** Provided information **
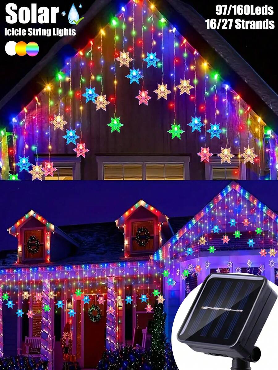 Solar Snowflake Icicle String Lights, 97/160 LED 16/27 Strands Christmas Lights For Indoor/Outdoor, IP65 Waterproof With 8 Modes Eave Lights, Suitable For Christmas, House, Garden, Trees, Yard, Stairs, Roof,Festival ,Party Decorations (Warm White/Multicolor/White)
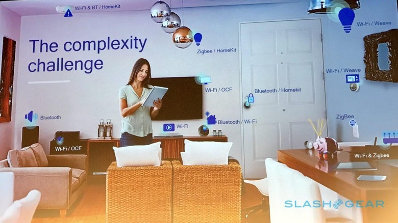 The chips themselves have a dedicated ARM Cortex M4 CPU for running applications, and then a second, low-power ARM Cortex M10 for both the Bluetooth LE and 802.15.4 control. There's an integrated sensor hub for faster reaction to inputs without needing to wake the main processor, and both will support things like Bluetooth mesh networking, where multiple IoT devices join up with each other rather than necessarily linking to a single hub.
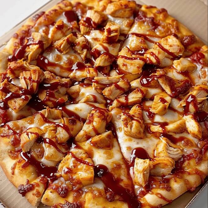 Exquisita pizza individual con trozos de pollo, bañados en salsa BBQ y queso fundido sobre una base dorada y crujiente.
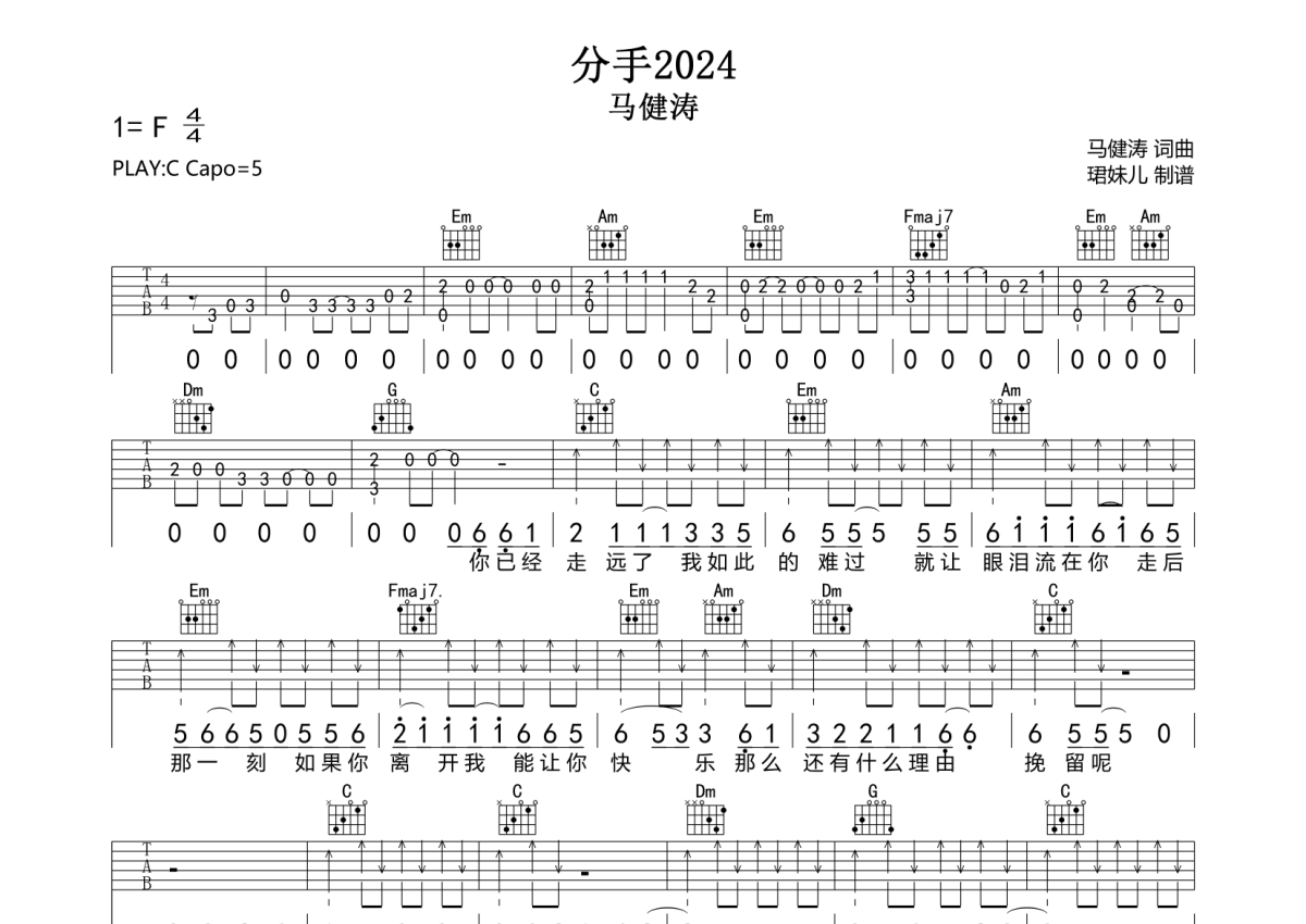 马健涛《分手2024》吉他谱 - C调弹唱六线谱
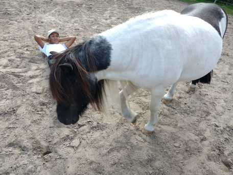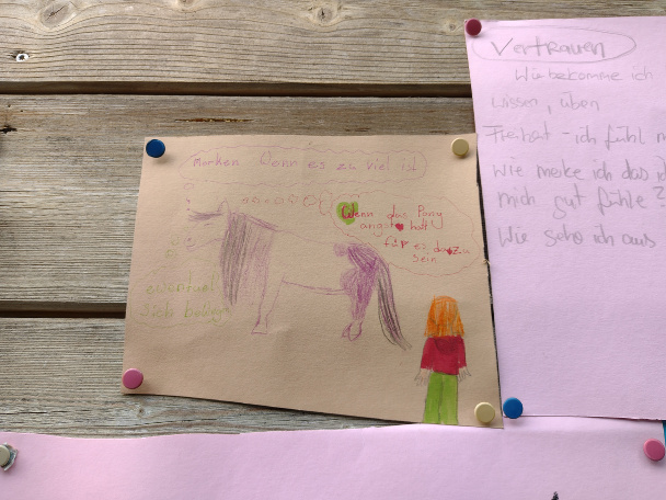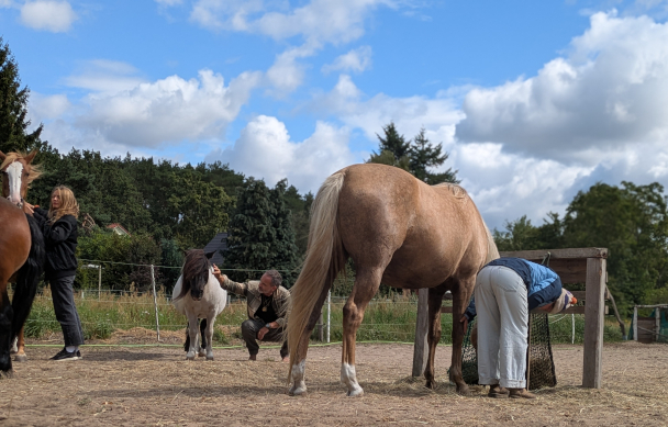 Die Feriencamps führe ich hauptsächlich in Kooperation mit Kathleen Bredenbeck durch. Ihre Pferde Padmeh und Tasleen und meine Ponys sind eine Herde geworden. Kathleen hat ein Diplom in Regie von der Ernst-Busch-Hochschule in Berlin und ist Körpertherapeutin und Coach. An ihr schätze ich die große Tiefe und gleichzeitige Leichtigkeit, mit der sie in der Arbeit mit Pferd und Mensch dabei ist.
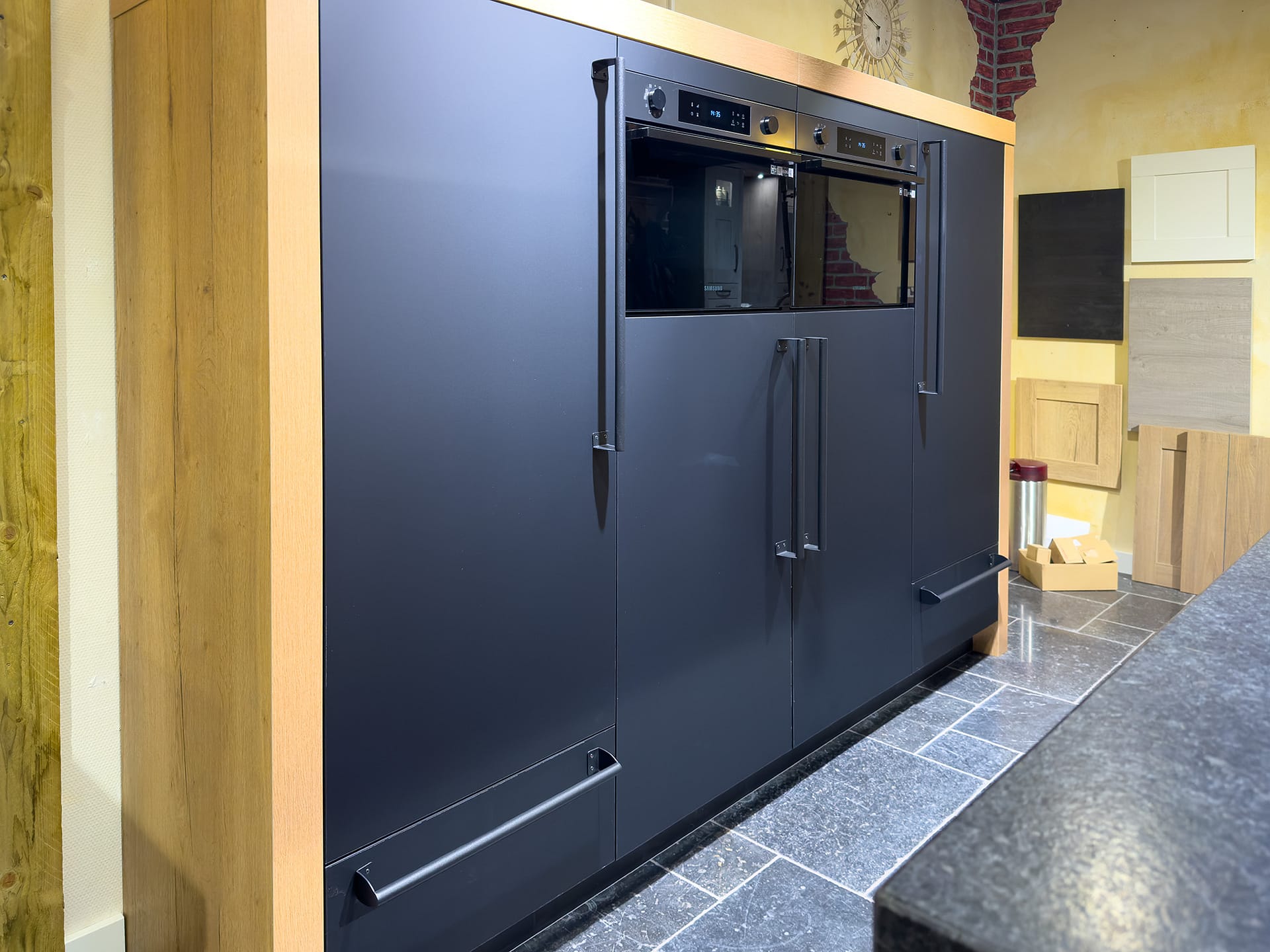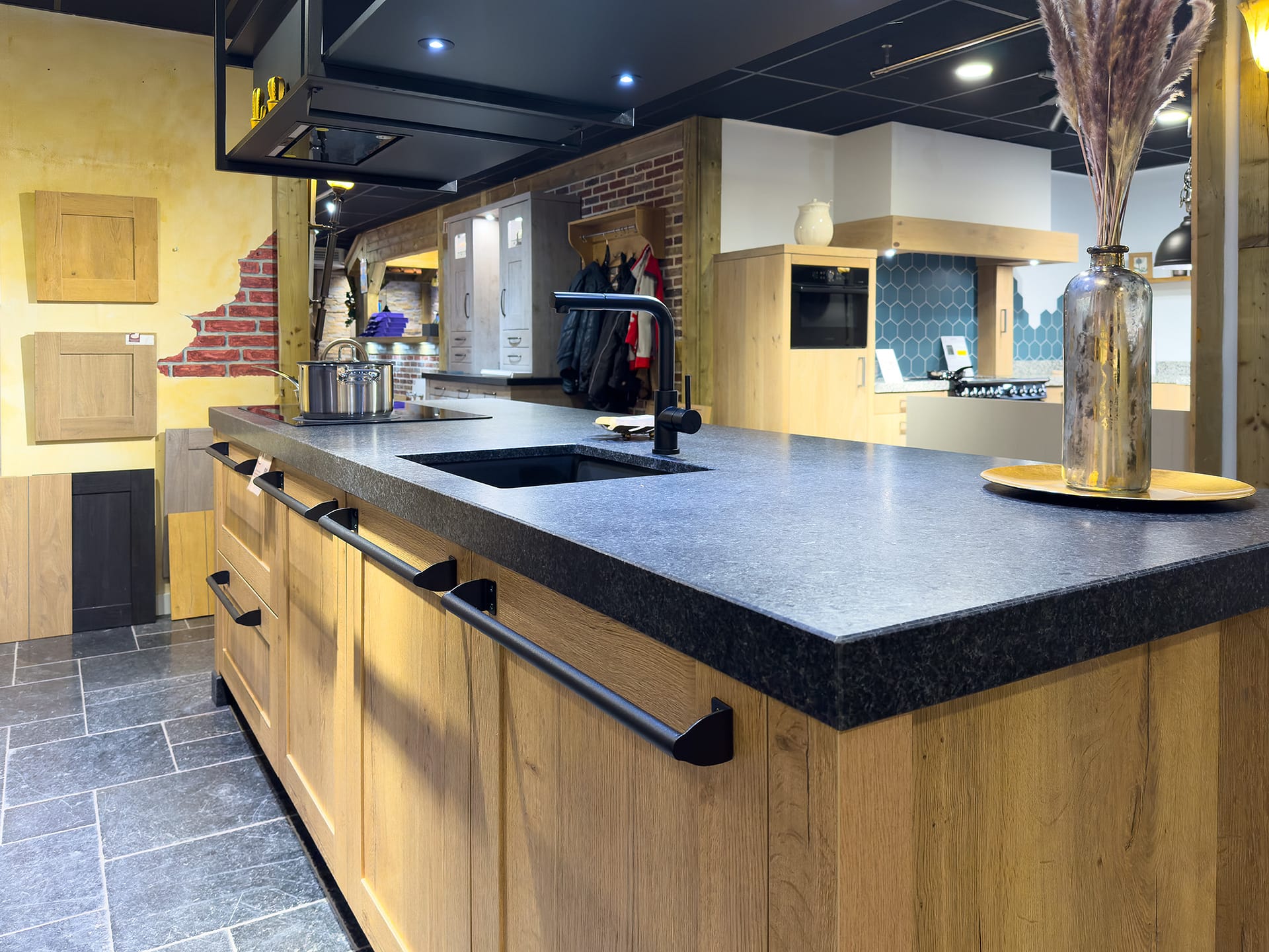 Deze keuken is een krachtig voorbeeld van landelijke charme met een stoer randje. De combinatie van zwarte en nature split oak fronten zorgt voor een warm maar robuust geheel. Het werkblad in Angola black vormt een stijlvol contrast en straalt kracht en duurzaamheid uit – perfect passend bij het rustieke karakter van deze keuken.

...

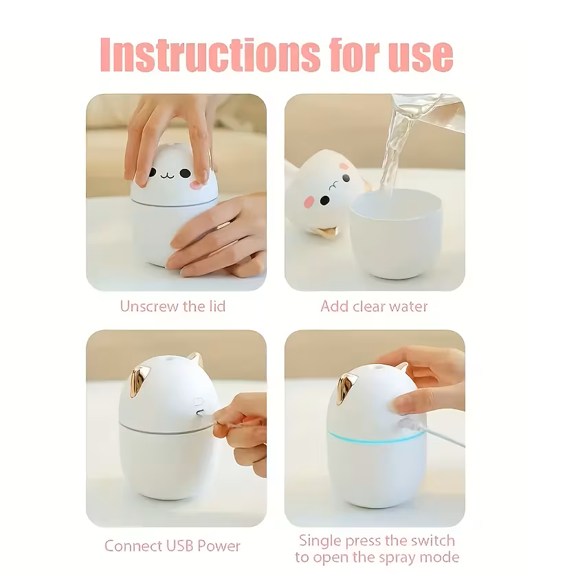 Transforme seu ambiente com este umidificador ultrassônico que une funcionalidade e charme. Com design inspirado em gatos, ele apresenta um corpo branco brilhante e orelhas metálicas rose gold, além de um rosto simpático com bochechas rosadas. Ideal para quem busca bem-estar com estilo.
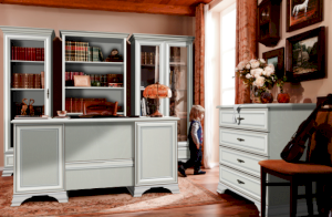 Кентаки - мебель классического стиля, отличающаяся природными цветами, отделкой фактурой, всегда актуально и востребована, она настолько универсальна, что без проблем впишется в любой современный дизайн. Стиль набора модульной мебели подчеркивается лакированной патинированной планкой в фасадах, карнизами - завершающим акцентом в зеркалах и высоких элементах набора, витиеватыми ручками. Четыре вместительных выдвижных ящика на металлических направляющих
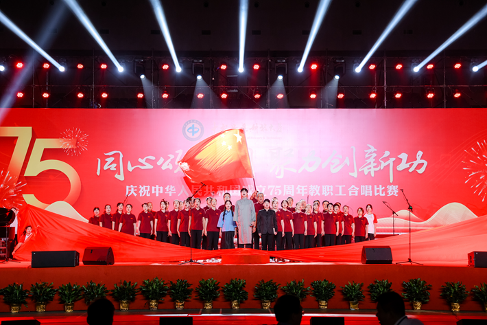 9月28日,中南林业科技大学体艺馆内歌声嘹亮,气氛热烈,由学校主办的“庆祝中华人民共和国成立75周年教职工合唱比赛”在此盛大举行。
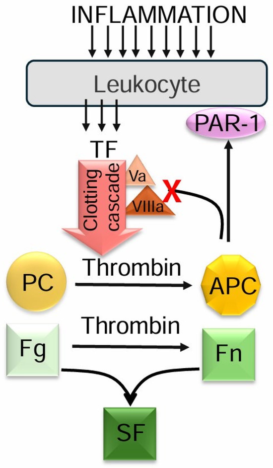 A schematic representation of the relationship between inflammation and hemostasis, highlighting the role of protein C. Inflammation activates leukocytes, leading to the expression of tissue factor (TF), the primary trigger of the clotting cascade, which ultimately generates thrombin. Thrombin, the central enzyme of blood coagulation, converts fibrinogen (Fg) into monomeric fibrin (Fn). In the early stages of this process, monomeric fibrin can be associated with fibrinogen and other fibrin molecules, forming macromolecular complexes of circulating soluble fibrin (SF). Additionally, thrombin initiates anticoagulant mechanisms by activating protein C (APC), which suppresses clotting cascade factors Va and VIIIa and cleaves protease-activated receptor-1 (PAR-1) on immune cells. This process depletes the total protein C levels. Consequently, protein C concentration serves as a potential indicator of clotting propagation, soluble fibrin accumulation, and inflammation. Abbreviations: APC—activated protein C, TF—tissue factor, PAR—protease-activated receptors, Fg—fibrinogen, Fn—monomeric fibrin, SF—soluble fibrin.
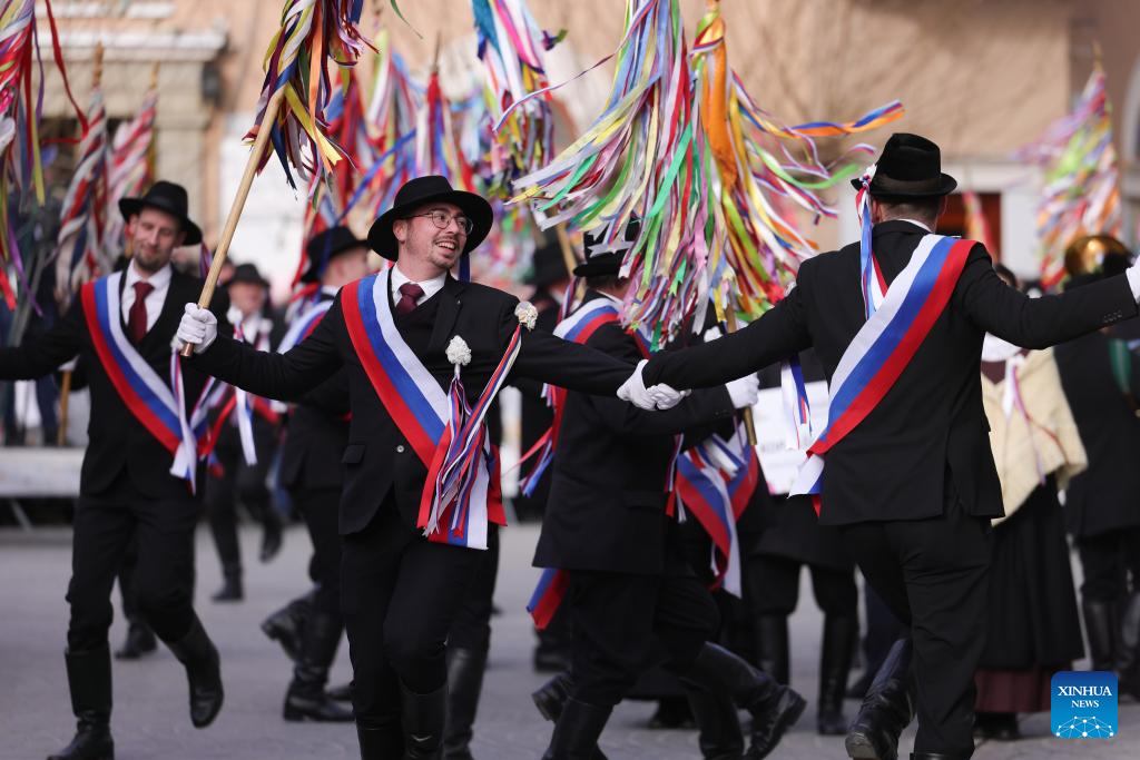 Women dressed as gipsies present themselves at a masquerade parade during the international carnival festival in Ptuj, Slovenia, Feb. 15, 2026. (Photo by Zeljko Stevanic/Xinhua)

** Task objective **
Pictures in the entries do not go into the copy. Print only the lines starting at the one containing "Кентаки - мебель" and ending at the one containing "9月28日,中南林业科技大学", exactly as they appear.

** Answer below **
 Кентаки - мебель классического стиля, отличающаяся природными цветами, отделкой фактурой, всегда актуально и востребована, она настолько универсальна, что без проблем впишется в любой современный дизайн. Стиль набора модульной мебели подчеркивается лакированной патинированной планкой в фасадах, карнизами - завершающим акцентом в зеркалах и высоких элементах набора, витиеватыми ручками. Четыре вместительных выдвижных ящика на металлических направляющих
 9月28日,中南林业科技大学体艺馆内歌声嘹亮,气氛热烈,由学校主办的“庆祝中华人民共和国成立75周年教职工合唱比赛”在此盛大举行。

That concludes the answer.